The stimulus presentations and the collection of participant responses was performed by an Apple Mac Pro computer (Dual Quad-Core processors, with ATI Radeon HD 5770 hardware-accelerated graphics) using an Apple 27-inch LED Cinema Display. The monitor was located at a 60-cm viewing distance.

Stimulus displays

The experimental stimuli were cast shadows of natural solid objects (bell peppers, Capsicum annuum). The five particular bell pepper replicas used in the current study (see Fig. 1) were a subset of the 12 objects originally created by Norman, Norman, Clayton, Lianekhammy, and Zielke (2004a). Eighty shadows of each of the five objects (each object was rotated in depth over a range of 360 degrees in angular increments of 4.5 degrees) were cast onto a flat surface (see Norman et al., 2009) and recorded using a Nikon Coolpix 995 digital camera; the resulting images had a resolution of 1,024 × 768 pixels. The object shadows were viewed through two stationary narrow slits (always 4-mm wide). On each trial, the slits were randomly offset (left and right) from the center of the stimulus by 20 to 32 mm; therefore, the two slits were randomly separated by 40 to 64 mm (this procedure produced additional stimulus variation that was independent of the depicted object shadows; thus, when a particular object was presented multiple times during the experiment, each stimulus image or apparent motion sequence was unique). The occluding surface into which the slits were cut was colored blue, while the background and cast shadow colors were white and black, respectively. Example stimulus images are shown in Fig. 2. In the representative stimulus images depicted in Fig. 2 (bottom row), the occluding surface hides 92.5% of the object shadows; therefore, only about 7.5% of the stimulus object shadows were visible through the anorthoscopic slits/apertures.

Fig. 1
figure 1

Photograph of the five natural objects (plastic replicas of bell peppers, Capsicum annuum) that were used to generate the static and deforming cast shadows that the observers viewed anorthoscopically. The five stimulus objects (1–5 are arranged left to right) are shown with their rotation axes (metal rods). These five objects are a subset of the 12 objects originally created by Norman, Norman, et al. (2004a)

Fig. 2
figure 2

Representative stimulus images are illustrated in the bottom row; the entire corresponding object shadows are visible in the top row (in both rows, Objects 1–5 are arranged left to right). In these example stimulus images, the occluding surface hides 92.5% of the object shadows; therefore, only about 7.5% of the stimulus object shadows were visible to the observers during the experimental trials

Procedure

There were two main conditions. In one condition (stationary), observers were shown a single cast shadow (where the orientation of the object about a Cartesian vertical axis was randomly determined) and were required to identify the object (1–5; see Figs. 1 and 2). In the other condition (moving), observers viewed apparent motion sequences of cast shadows (depicting a solid object rotating in depth about a Cartesian vertical axis; the rotation axis of each object can be seen in Fig. 1) and were required to perform the same identification task (the initial orientation of the objects, at the beginning of the apparent motion sequences, was randomly determined). The order of object presentations (Objects 1–5) was determined completely at random. The duration of each stimulus presentation (moving or stationary) was 3.0 seconds. In the moving condition, the individual frames of the apparent motion sequences were updated at 60 Hz (thus, 180 total frames were presented), and the depicted objects rotated 2.25 revolutions during the 3.0-second stimulus presentation.

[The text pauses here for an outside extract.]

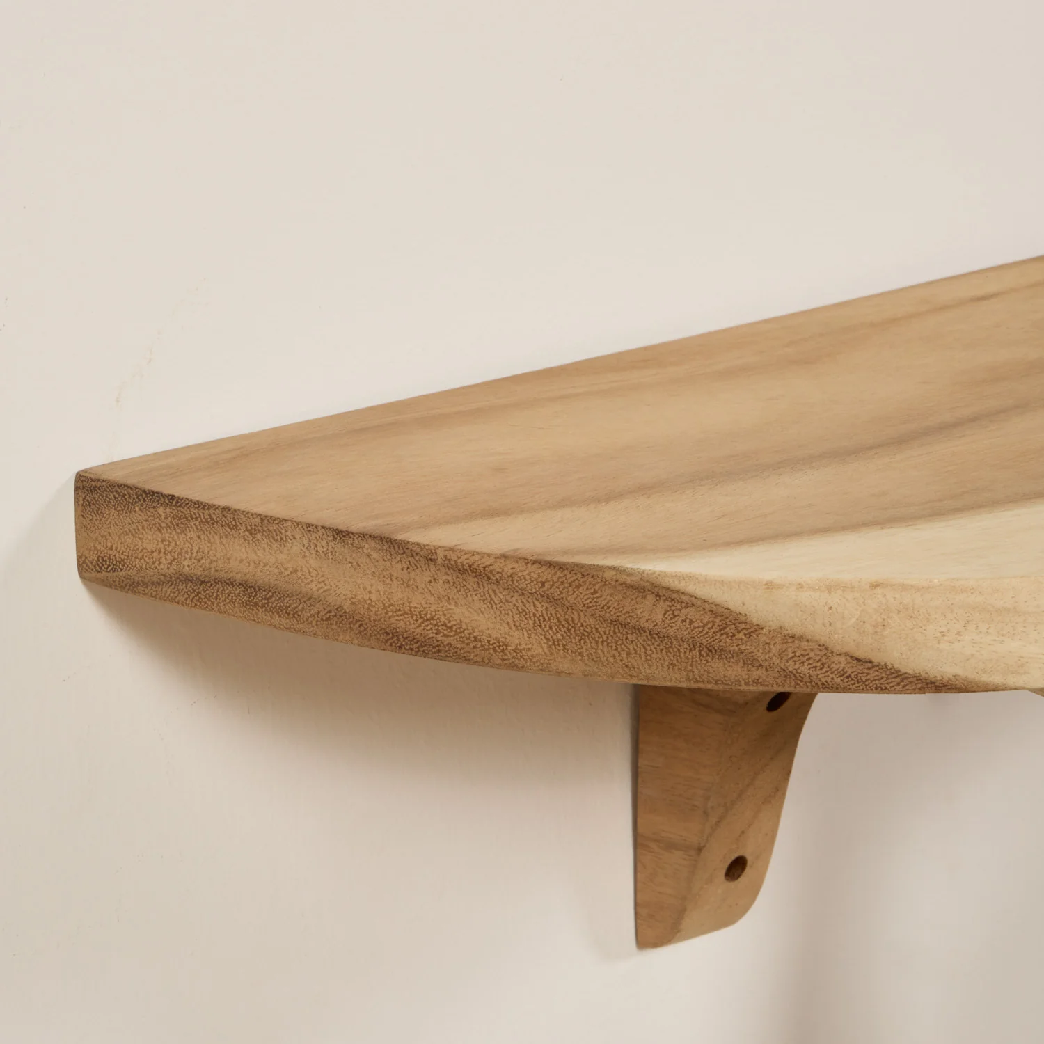 Nuestro estante Rang es super versátil. Úsalo como mesita de noche de pared y consigue un dormitorio cálido y natural. Elaborado en madera natural de Trembesí. Incluye sistema de anclajes.

The observers’ task was straightforward, simply to view the static or deforming (moving) cast shadows on any particular trial and identify which of the objects (1–5; see Fig. 1) had been presented. However, at the beginning of the experiment, the observers (especially the completely naïve ones) did not know which object was Number 1, which was Number 2, and so forth. At the beginning of each experimental session, repeated blocks of 10 trials were conducted, where moving cast shadows (without the occluders and slits) were presented. During this familiarization, the observers would receive a brief auditory beep for correct judgments (so that they could learn which object was which). Once each observer had reached a performance level of at least 90% correct, the experimental trials (where the depicted object shadows were presented behind occluding surfaces through anorthoscopic slits) began. It is important to note that no feedback was ever provided during the experimental trials (when the occluders and slits were present). These procedures were analogous to those used in our previous relevant research (e.g., Norman et al., 2000; Norman et al., 2009).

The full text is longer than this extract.